Impacts of information quantity and display formats on driving behaviors in a connected vehicle environment

Wenjing Zhao; Siyuan Gong; Dezong Zhao; Fenglin Liu; N N Sze; Mohammed Quddus; Helai Huang; Xiangmo Zhao

doi:10.1016/j.aap.2024.107621

Impacts of information quantity and display formats on driving behaviors in a connected vehicle environment

Accid Anal Prev. 2024 May 9:203:107621. doi: 10.1016/j.aap.2024.107621. Online ahead of print.

Authors

Wenjing Zhao¹, Siyuan Gong², Dezong Zhao³, Fenglin Liu⁴, N N Sze⁵, Mohammed Quddus⁶, Helai Huang⁷, Xiangmo Zhao⁴

Affiliations

¹ School of Information Engineering, Chang'an University, Xi'an 710064, China; Department of Civil and Environmental Engineering, Hong Kong Polytechnic University, Hong Kong, China.
² School of Information Engineering, Chang'an University, Xi'an 710064, China. Electronic address: sgong@chd.edu.cn.
³ James Watt School of Engineering, University of Glasgow, Glasgow G12 8QQ, UK.
⁴ School of Information Engineering, Chang'an University, Xi'an 710064, China.
⁵ Department of Civil and Environmental Engineering, Hong Kong Polytechnic University, Hong Kong, China.
⁶ Department of Civil and Environmental Engineering, Imperial College London, London SW7 2AZ, UK.
⁷ School of Traffic and Transportation Engineering, Central South University, Changsha 410000, China.

PMID: 38729056
DOI: 10.1016/j.aap.2024.107621

Abstract

The emerging connected vehicle (CV) technologies facilitate the development of integrated advanced driver assistance systems (ADASs), with which various functions are coordinated in a comprehensive framework.
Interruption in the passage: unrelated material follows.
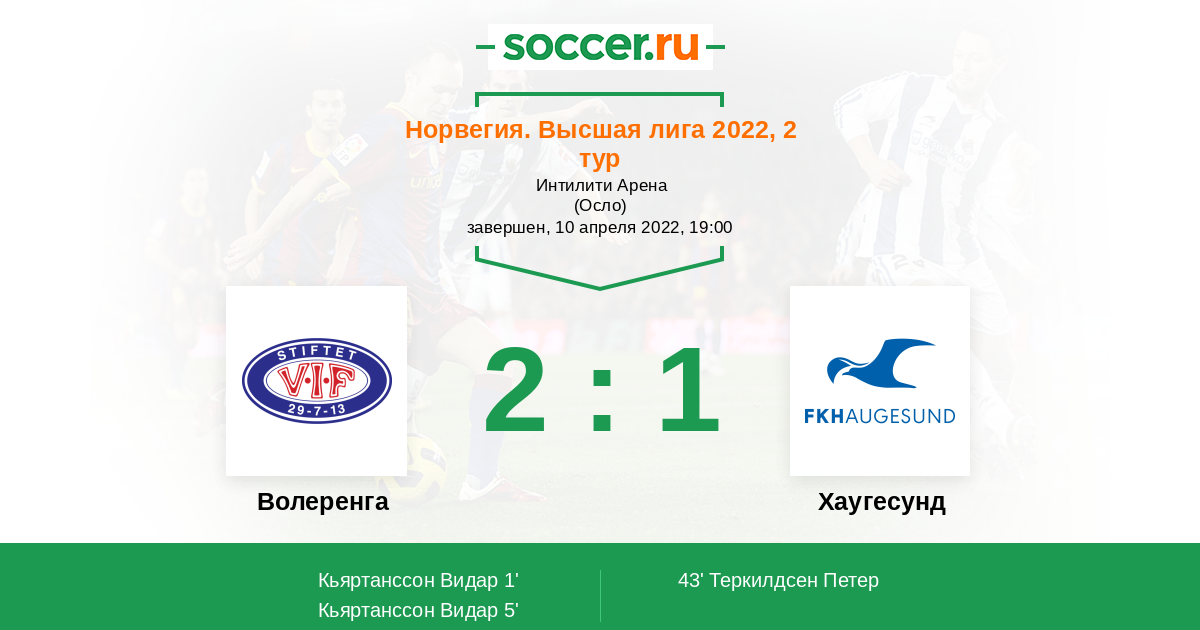 5' (2:0) Кьяртанссон Видар (9) (Странд Петтер (24))

However, challenges arise in enabling drivers to perceive important information with minimal distractions when multiple messages are simultaneously provided by integrated ADASs. To this end, this study introduces three types of human-machine interfaces (HMIs) for an integrated ADAS: 1) three messages using a visual display only, 2) four messages using a visual display only, and 3) three messages using visual plus auditory displays. Meanwhile, the differences in driving performance across three HMI types are examined to investigate the impacts of information quantity and display formats on driving behaviors. Additionally, variations in drivers' responses to the three HMI types are examined. Driving behaviors of 51 drivers with respect to three HMI types are investigated in eight field testing scenarios. These scenarios include warnings for rear-end collision, lateral collision, forward collision, lane-change, and curve speed, as well as notifications for emergency events downstream, the specified speed limit, and car-following behaviors. Results indicate that, compared to a visual display only, presenting three messages through visual and auditory displays enhances driving performance in four typical scenarios. Compared to the presentation of three messages, a visual display offering four messages improves driving performance in rear-end collision warning scenarios but diminishes the performance in lane-change scenarios. Additionally, the relationship between information quantity and display formats shown on HMIs and driving performance can be moderated by drivers' gender, occupation, driving experience, annual driving distance, and safety attitudes. Findings are indicative to designers in automotive industries in developing HMIs for future CVs.

Keywords: Advanced driver assistance systems; Connected vehicles; Driving performance; Field tests; Human-machine interfaces.